HINWEIS: Alle Teilnehmerinnen und Teilnehmer in dieser Studie wurden Einwilligung Dokumente des Institutional Review Board der Howard University und der Johns Hopkins University zugelassen verabreicht. Nur Teilnehmer, die mit der Unterzeichnung der Einverständniserklärung eingewilligt Dokumente wurden in die Studie aufgenommen.

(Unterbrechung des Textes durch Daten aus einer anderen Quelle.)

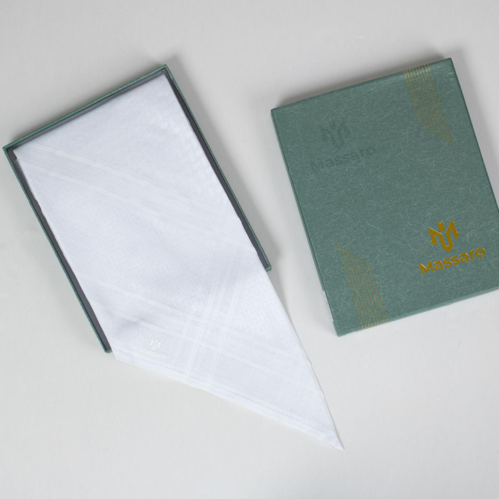 شماغ مسارو Massaro أبيض سيجنتشر بخامة قطن فاخرة وملمس ناعم، تصميم راقٍ يعكس الأناقة والبساطة، مناسب للإطلالات الرسمية واليومية.
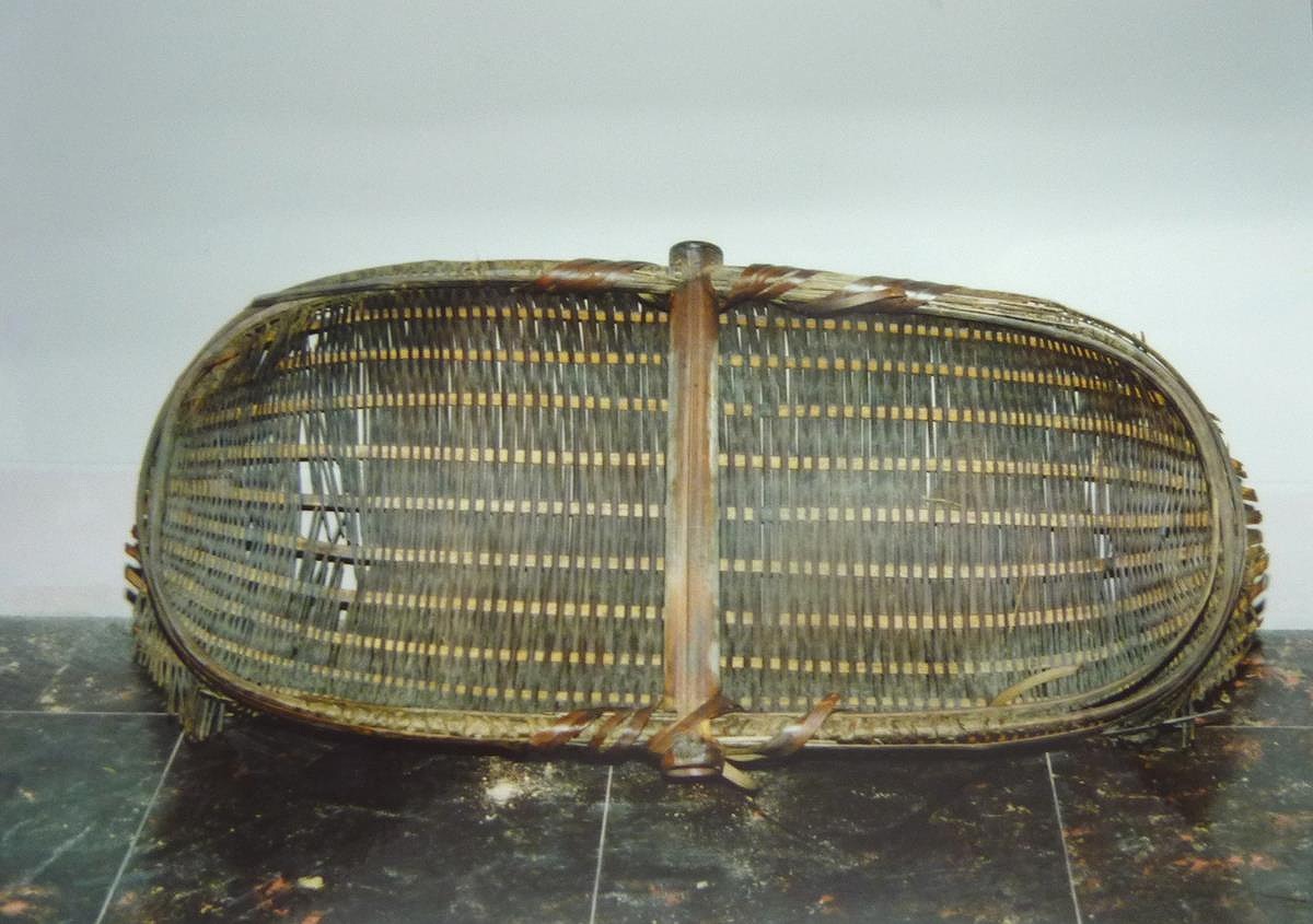 細く割ったひごを用いた目の詰むんだゴザ目編み(笊編み)の器。川魚の採補に使っていた。
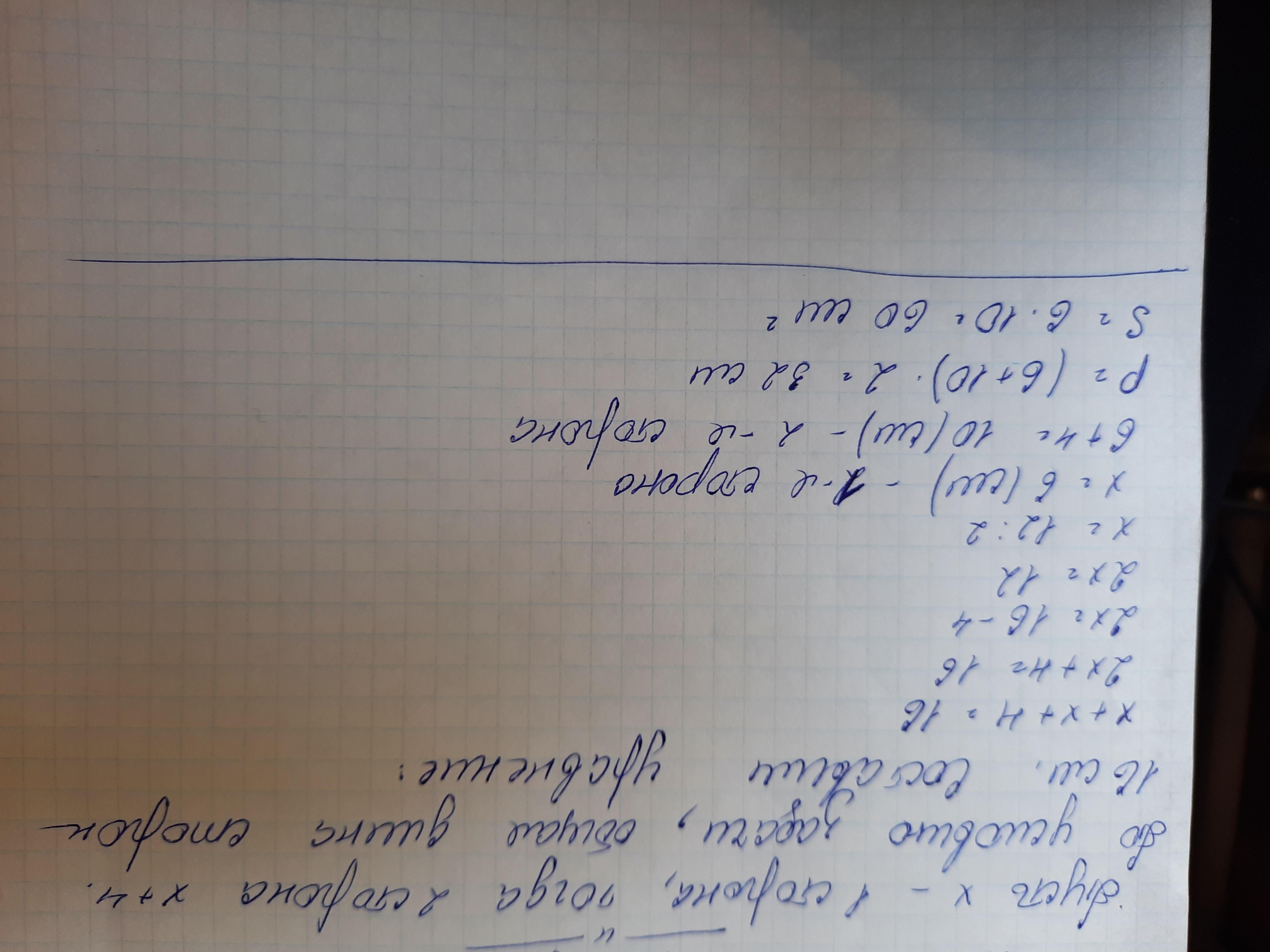 Одна сторона прямоугольника имеет длину на 4 см больше, чем другая. Общая длина этих двух сторон 16 см. Найди длину каждой стороны. Найди площадь и периметр этого прямоугольника.

Die Studie Basis dieser Analyse bestand aus: 20 Probanden (12 BD und 10 Kontrollen, 30% Männer) und Durchschnittsalter (sd) von 38,2 (14,1) Jahre.
HINWEIS: Sprühen Sie alle Oberflächen mit RNase Zap RNase Kontamination von Glas- und Kunststoffoberflächen zu entfernen.

1. Biopsie

  1. Spray aktuelle Lidocain (Xylocain) Flüssigkeit 4% und Oxymetazolin HCl 0,05% in der Nasenhöhle der Studienteilnehmer und lassen 15 Minuten von betäubenden Zeit.
  2. Genießen ½ x 3-Zoll-chirurgische cottonoids in einer Mischung aus Lidocain und Oxymetazolin und legen Sie in der Nasenhöhle sowie überlegene Teil der Nasenscheidewand und lassen Sie sie für 15 Minuten sitzen.
  3. Mit einem 30 ° HartNasen Endoskop, um den oberen Abschnitt der Nasenhöhle zu finden, zu entfernen Nasenschleimhaut mit bis Kauen Nasenzange von der überlegenen Teil der Nasenscheidewand, wobei mehrere kleine Proben.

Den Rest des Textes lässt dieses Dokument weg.